If the fictitious Fasano were a television detective, forensic examiners would arrive in moments with high-tech tools and search the phone on the spot. Fasano would have the information he needed in 15 minutes and he’d solve the entire case within the hour. Here’s the reality: Detectives don’t carry forensic tool kits that let them search mobile devices. Instead, they photograph the scene and then remove the phone. But this procedure is riddled with pitfalls.
A detective who finds a mobile phone at a crime scene immediately has a decision to make—whether to turn the phone off or leave it on. If he turns it off, the investigator in the lab may have to deal with a password prompt when the phone restarts (60 percent of people password-protect their phones, according to a 2009 study by Credant Technologies). If the detective leaves it on, the phone could receive calls and text messages during the drive to the lab, which could force the device to overwrite information inadvertently. It’s even possible that someone connected to the crime may hit the phone with a text or e-mail ”bomb” that floods the phone’s memory with messages that crowd out all other previous calls from the log.
To prevent that, the detective could leave the phone on and place it in a metal-mesh shielding bag to block all signals.
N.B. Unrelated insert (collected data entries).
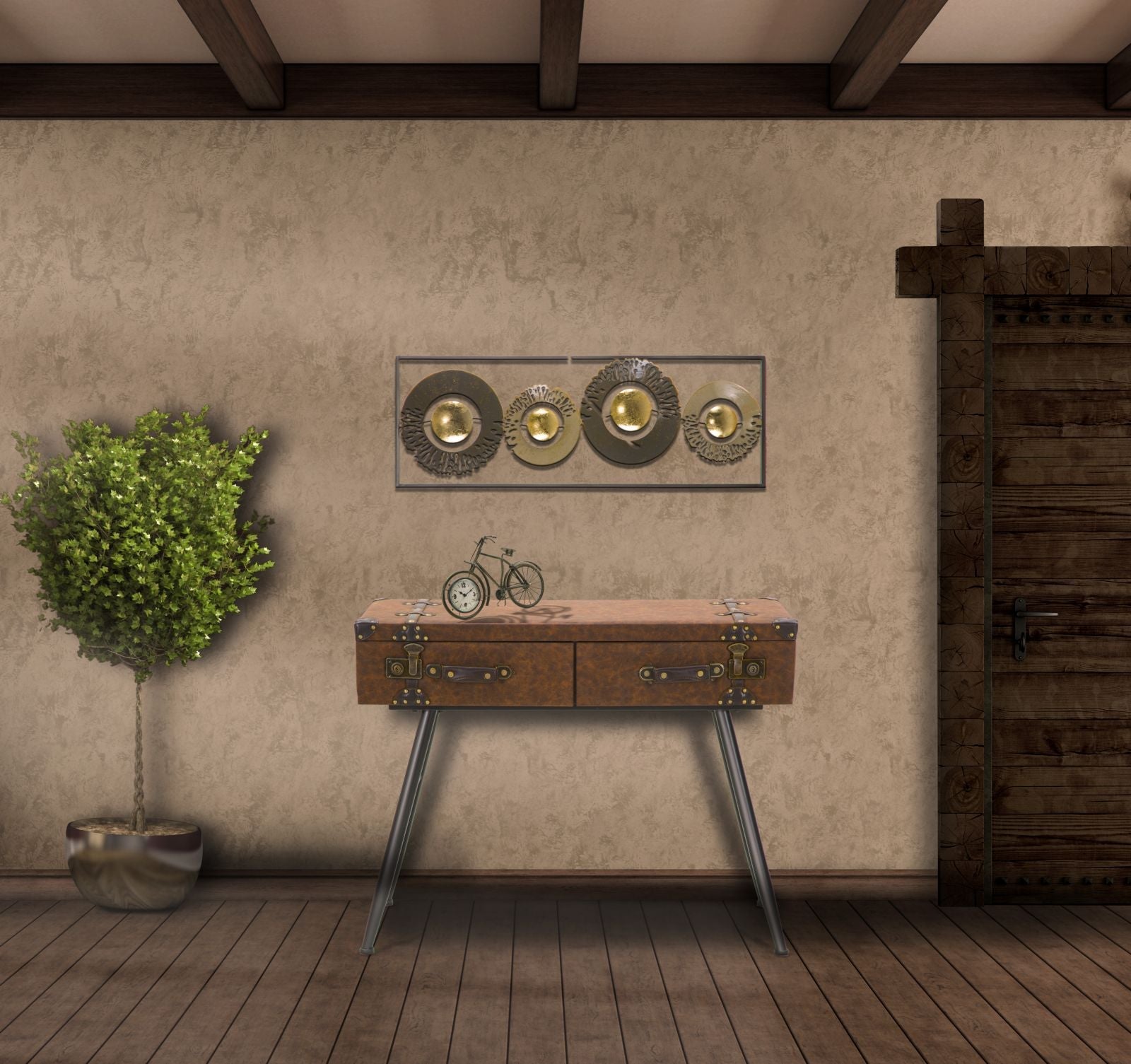 Decoración Geométrica Redonda De Metal En La Pared En Marco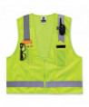 The GloWear 8249Z Surveyors Vest is an ANSI 107 Type R, Class 2 economy vest with a 3.6 oz polyester solid front and breathable 3.3 oz polyester mesh back. This hi-vis vest features 2" reflective tape for enhanced low-light visibility. With two interior and two exterior pockets, including a cell phone chest pocket, this vest provides ample storage for pens, notebooks, tablets and more. A single mic tab allows convenient radio access, and a zipper closure makes for easy on and off.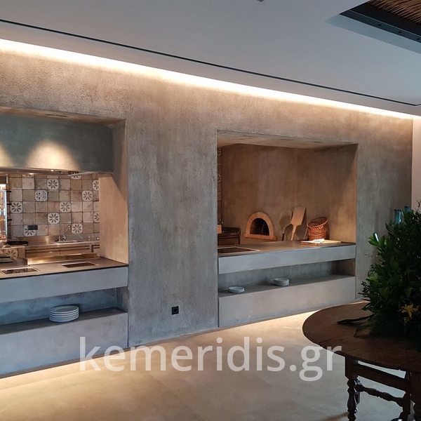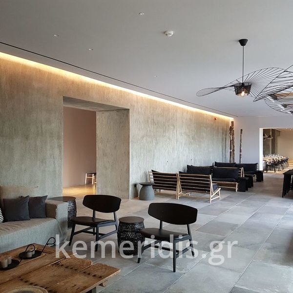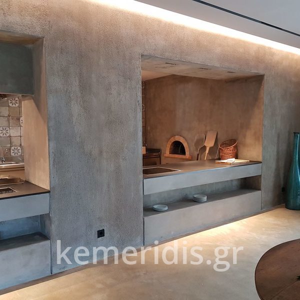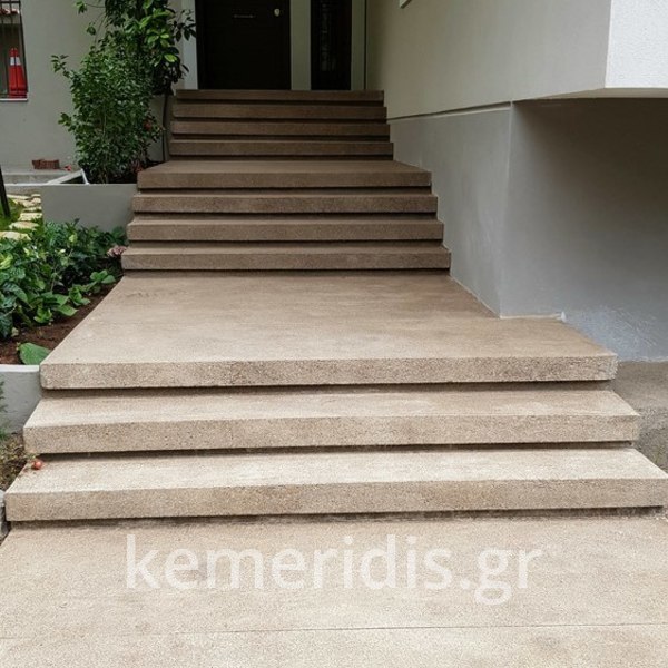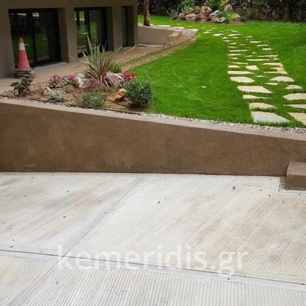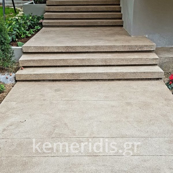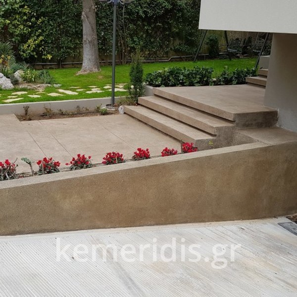 Ανακαίνηση εξωτερικού χώρου σε κατοικία στην Φιλοθέη με φυσικό αδρανές με επεξεργασία αδρής επιφανείας και παλαιωμένης υφής.

Indeed, such products are readily available. But even that tactic would cause problems. Placing the phone in such a bag would erase vital location information stored by certain kinds of phones—after searching for a signal for a while, the phone would give up and zero out the register that holds location data. Bagging the phone would also drain the battery faster, because the phone, trying in vain to lock on to a tower, would boost its transmitting power to the maximum. And these preservation bags aren’t completely impervious to wireless signals. Drive within a few dozen meters of a cellphone tower and all bets are off.
Back to Fasano (who, along with the others named in this article, is a fictional character based on actual cases I’ve come across in my work consulting for federal, state, and local law enforcement agencies). Fasano photographs the scene and takes the cellphone. Because the phone is already on and at least 75 percent charged, he leaves it on, without a shielding bag, taking the risk that incoming calls may overwrite evidence. He races to the forensic lab.
At the lab, Fasano tells the forensic examiner, Marla McKenna, about the phone and its relationship to the crime scene. McKenna tells Fasano the exam will take several hours. Then she photographs the front and back of the phone and takes a close-up of the screen. She notes the name of the manufacturer—HTC—and the carrier branded on the phone’s case. She looks through her selection of nearly 100 different data cables, hunting for one that will fit. She’ll need a charging cable soon as well.
She’s not sure of the model number; that’s usually stamped under the battery, and she’s not ready to remove the battery and kill the power. She goes online to look at phones by HTC, trying to home in on the model by matching its styling with the pictures on the screen. She decides it’s an HTC Magic—an Android-powered touch phone. Only now can she determine what hardware and software tools to use to examine this phone.